Although water-conducting cells occur in the midribs of some species, chamber liverworts, like all bryophytes, rely primarily on capillary water. Capillary spaces are abundant and occur among ventral scales and within a dense mat of rhizoids, smooth vertical rhizoids and horizontal rhizoids (with “pegged,” wavy walls) that conduct water along the liverwort’s underside.
Chamber liverworts grow by means of apical initials (protected by scales) in marginal notches. Thalli appear to branch dichotomously, repeatedly forking in two’s. However, this growth is pseudodichotomous; in true dichotomies, each apical initial splits into two new initials. As in most bryophytes, colonies “grow ahead and die behind,” so that one colony fragments into two (or more) new colonies.
Reproductive structures of chamber liverworts are highly specialized. In Marchantia, raindrops splash gemmae out of gemma cups. A constriction in the cup speeds up the water’s movement and enhances dispersal.
Also in Marchantia, thallus branches have been modified into umbrella-like gametangiophores; these elevate antheridia and sporangia and thereby enhance rain dispersal of sperm and wind dispersal of spores. In male plants, rain strikes the “umbrellas,” with their sunken antheridia, and splashes out sperm.
In female plants, sporophytes (with reduced setae) are borne on the underside of the “umbrellas”; mature capsules burst through the calyptrae, tear open irregularly, and release spores and elaters.Asexual reproduction (via gemmae) is favored by short days, whereas sexual reproduction (via sporophytes) is favored by long days.
Other chamber liverworts are less specialized than Marchantia. For example, Conocephalumhas female umbrellas only and lacks gemma cups. In Riccia and Ricciocarpus, gametangia and sporangia are sunken into the thalli, and spores are liberated when the thalli decay.

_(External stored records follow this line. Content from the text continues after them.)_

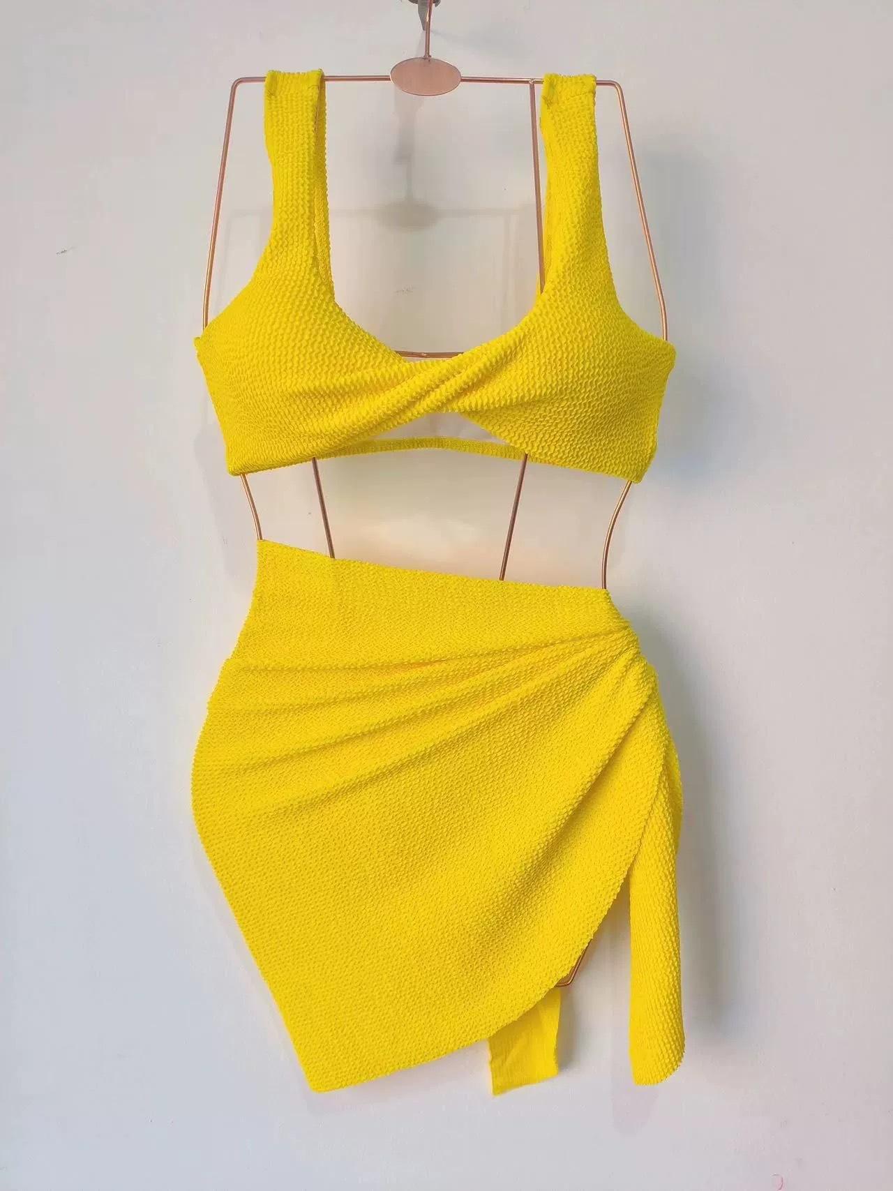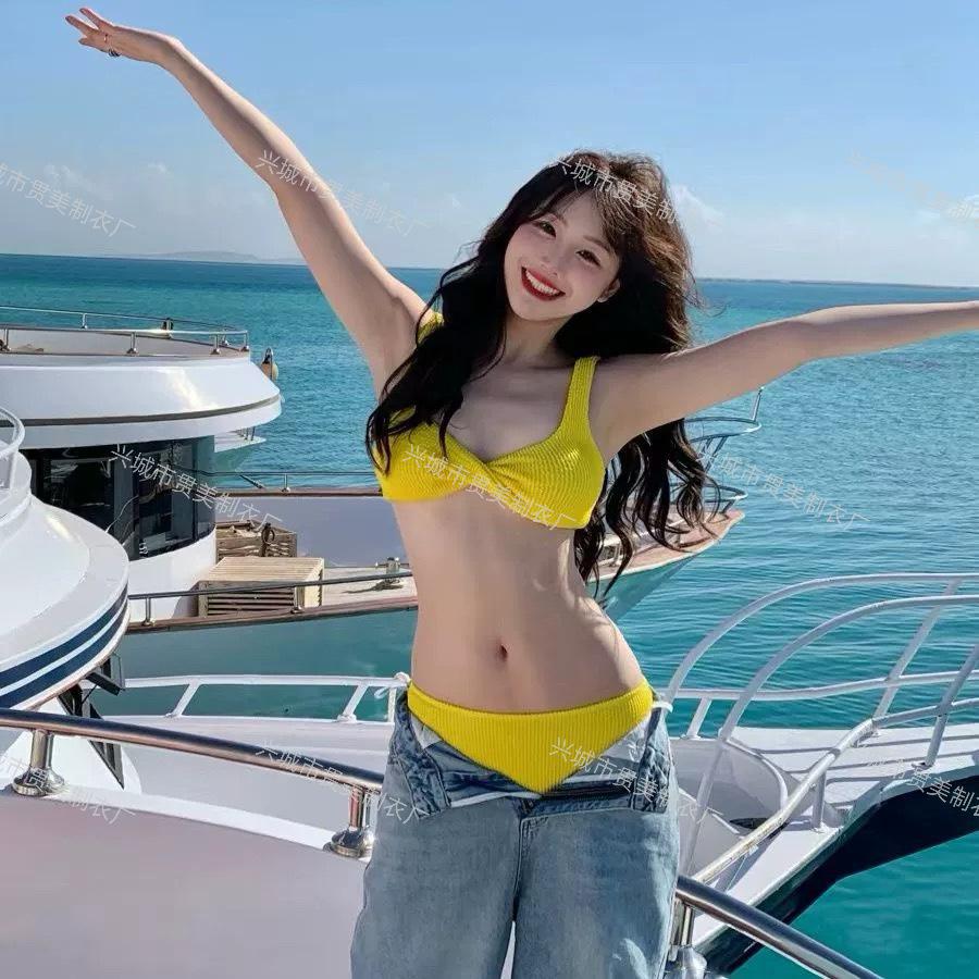 [Oferta especial de 5 colores] Bikini dividido de las Spice Girls, traje de baño sexy de tres piezas para playa, color caramelo, blanco
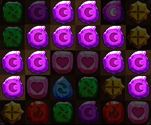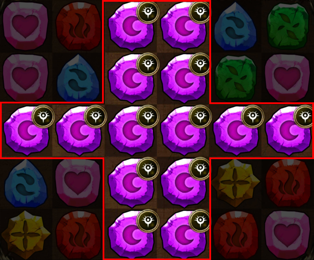 為「強力爆裂光線」,將 14 個固定位置的符石轉化為水神族符石。
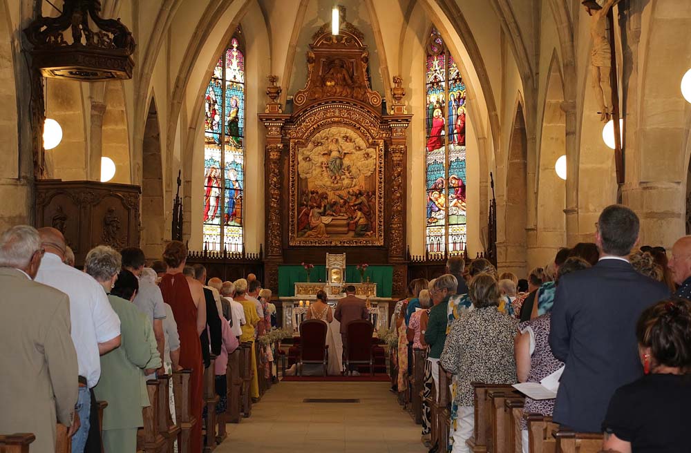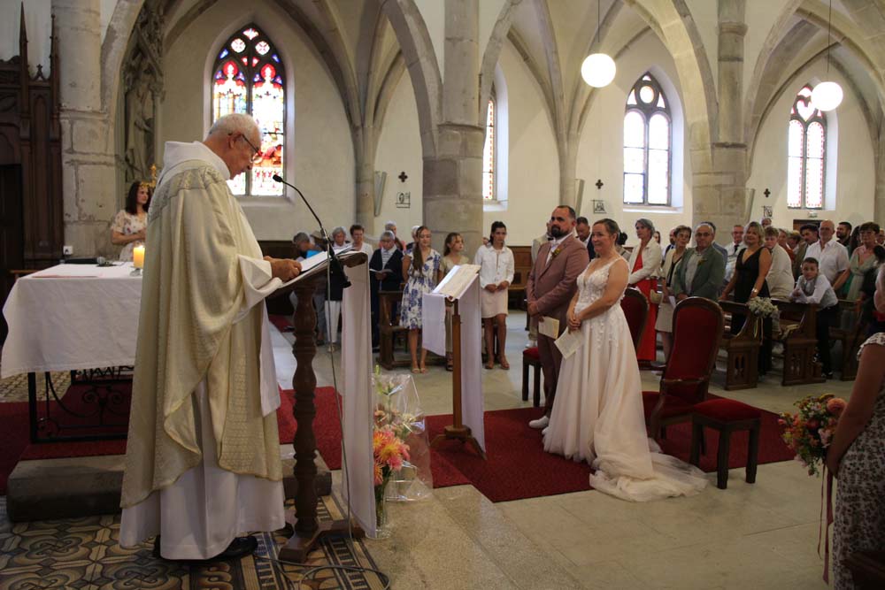L’abbé Claude DURUPT a officié la cérémonie religieuse en l’église paroissiale, pour lui c’est aussi une première, de célébrer le mariage du maire de la ville et conseiller Départemental, et peut-être aussi une première pour cet édifice religieux datant du XVI siècle.
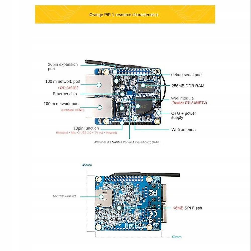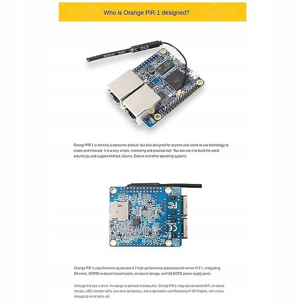 For Orange Pi R1 Allwinner H2 (Cortex-A7 quad-core) 32-bit CPU, a new generation of arm development board For Orange Pi R1 uses Allwinner's quad-core A7 high-performance processor Allwinner H2 , integrated Ethernet, 100M onboard network port, onboard storage, USB OTG supply port, etc.Despite its small size, the design is compact and beautiful. For Orange Pi R1 integrates on-board WiFi, on-board storage, LED indicators, low-level peripherals, and is compatible with tree GPIO ports, and has a unique debugging serial port, etc.It is a very simple, interesting and practical tool that you can use to create the world around you, and supports , Ubuntu, Debian and other operating systems.For orange pi orangepi R1 network port development board programming single chip microcomputerApplicable model: For OrangePi R1 Plus Model Number: Development BoardProcessor : AllwinnerIntergrated Feature: 10/100MbpsMemory (SDRAM): 256MB DDR3Video Outputs: Supports external board via 13pinscolor:BlueMaterial:PCBsize:45 x 60mmPackage Contents:1 x Development BoardOnly the above package content, other products are not included.Note: Light reflection and different displays may cause the color of the item in the picture a little different from the real thing. The measurement allowed error is /- 1-3cm.
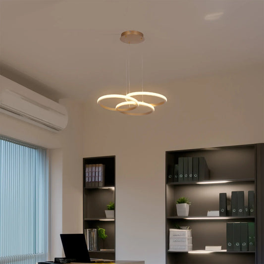 Candil Colgante Minimalista CLASSCL00196 – Aros LED Suspendidos en Acabado Dorado
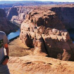 Halbzwölf Uhr sind wir dann mit der Gruppe "Orange" und einem offenen Geländefahrzeug zum Antelope Canyon aufgebrochen. Es war eine sehr staubige und holprige Angelegenheit. Wir fuhren gut 20Baca lagi
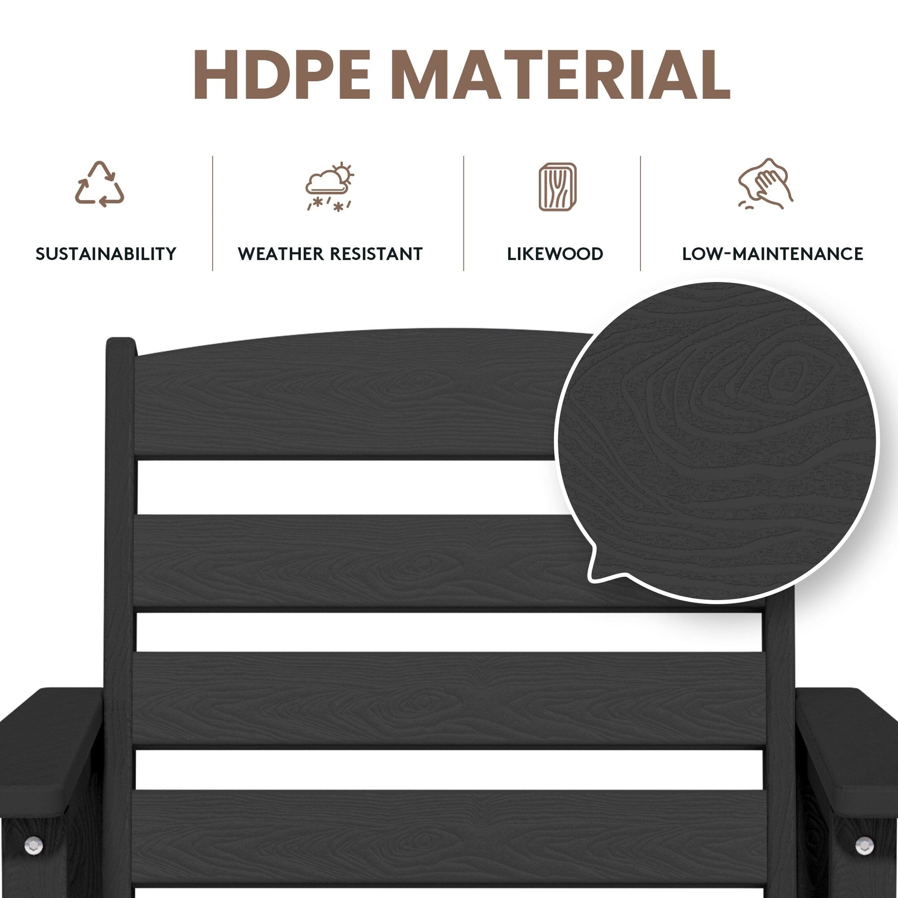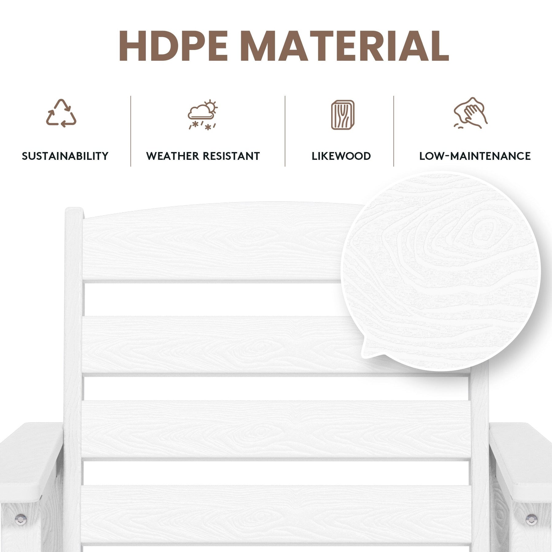 Cet ensemble comprend une table et deux chaises de style Adirondack. Les chaises Adirondack sont réputées pour leur assise et leur dossier inclinés, leurs larges accoudoirs et leur design décontracté. Cet ensemble est conçu pour créer un coin salon confortable sur votre terrasse ou dans votre jardin. Idéal pour les conversations, la détente et les activités de plein air.

In both genera, spore release by disintegration is synchronized with seasonal change and is just as adaptive as the complex “umbrellas” of Marchantia. Riccia fluitans and Ricciocarpus natans form floating mats on ponds, but other Riccia species dominate the extensive “cryptogamic crusts” on arid plains in Australia.
Marchantia is found on recently burned ground in humid areas, whereas Conocephalum frequently grows on shaded ledges along streams. Chamber liverworts have been extensively used as experimental subjects. Sex chromosomes in plants were first discovered in the chamber liverwort Sphaerocarpos.